There's also a difference between writing a handful of microservices, which
are a bit more broad vs. breaking every action into it's own service. Beyond
this, if you can separate out of band actions via queues this can alleviate a
lot.

One thing that does get me is how many services are using a SOAP or even REST
interface over HTTP vs something lighter. In my current project the backend
services operate over 0mq req/res interfaces, while the front-end will
communicate over a REST composite interface. In this way there's less
disconnect and overhead.

It's always a trade-off, but that doesn't mean an approach doesn't have
merrit, it's just a matter of striking a balance. Which I would guess is the
whole point of all of this.

------
StillBored
"Node is nimble; for example, we advise our clients to kill & quickly restart
when their applications enter an unexpected-error state. You can’t do this
with a runtime that takes minutes to properly start and warm-up."

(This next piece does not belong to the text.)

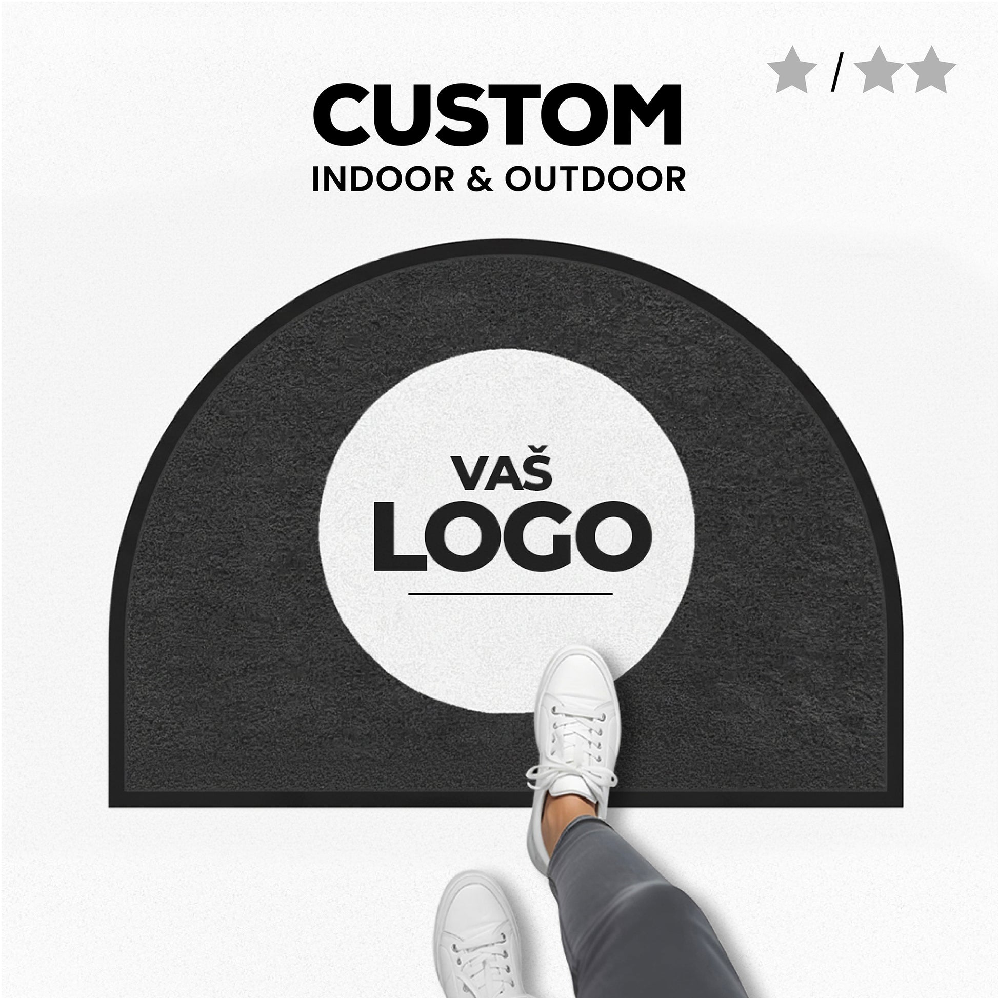 Seventex Logo Custom je po meri izdelan predpražnik, zasnovan za prostore in želje, kjer klasične pravokotne oblike niso dovolj. Omogočamo izdelavo v praktično kakršni koli obliki – krog, polmesec, trapez, romb ali popolnoma unikatna oblika po naročilu – brez kompromisov pri funkcionalnosti ali vizualni podobi.

Hmmm. I'm running tiddlywiki (node.js app) on an ARM, and it probably takes a
good ~30 seconds to start up.. Not good for an application that weighs in at
20k lines of code, 3/4 of which isn't even javascript. Worse yet, it has
noticeable delays during operation, including about a 15 second delay if it
hasn't been accessed in a few hours. I might blame it on a big dataset, but
frankly it has less than a 100 tiddlers, and everthing is hosted on a SSD.
This on a machine that generally is quite responsive, and capable (although
its about 1/5 as fast as my desktop in some benchmarks I ran). It sure doesn't
take that long to start apache/php on the same machine and start serving
pages.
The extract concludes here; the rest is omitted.